By Gloria Dickie
SHARM EL-SHEIKH, Egypt (Reuters) – Promises by companies, banks and cities to achieve net zero emissions often amount to little more than greenwashing, according to a UN expert group report published on Tuesday, which set out proposed new standards to harden net zero claims.
The report, released at the COP 27 climate conference in Egypt, is intended to draw a “red line” around false claims of progress in the fight against global warming that can confuse investors and policy makers.
At last year’s climate negotiations in Glasgow, U.N. Secretary-General Antonio Guterres appointed 17 experts to review the integrity of non-state net zero commitments amid concerns about “a surplus of confusion and deficit of credibility” involving corporate green boasting.
The report by the group, chaired by Canada’s former environment minister Catherine McKenna, found that “too many of these net zero pledges are little more than empty slogans and hype”, she said during a news conference launching the report on Tuesday.

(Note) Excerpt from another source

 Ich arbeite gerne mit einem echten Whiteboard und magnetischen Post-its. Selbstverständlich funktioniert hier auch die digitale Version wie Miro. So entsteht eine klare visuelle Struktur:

“Bogus net zero claims drive up the cost that ultimately everyone will pay,” she said.
An estimated 80% of global emissions are now covered by pledges that commit to reaching net zero emissions.

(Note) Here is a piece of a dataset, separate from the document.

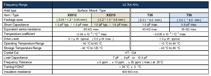 • 頻率:32.768KHZ

The report set out a list of recommendations that companies and other non-state actors should follow to ensure their claims are credible. For example, a company cannot claim to be net zero if it continues to build or invest in new fossil fuel infrastructure or deforestation.
The report also dismisses the use of cheap carbon credits to offset continued emissions as a viable net zero strategy, and recommends companies, financial institutions, cities and regions focus on outright emissions and not carbon intensity – a measure of how much carbon is emitted per unit of output.
The report “gives companies, investors, cities, regions – and by implication, countries – a clear statement of what ‘good’ looks like”, said Thomas Hale, a global public policy researcher at Oxford University and co-leader of the Net Zero Tracker project which measures the effectiveness of such pledges.
“We need to be clear that most net zero targets are not on track,” he told Reuters, noting the tracker found that only half of companies with pledges have robust plans.
“Corporations have long hidden behind net zero announcements and carbon offsetting initiatives, with very little intention of really doing the hard work of transforming and cutting emissions,” said Teresa Anderson, global lead for climate justice at poverty-eradication non-profit ActionAid International.
“These recommendations will aim to keep them in line and close any loopholes.”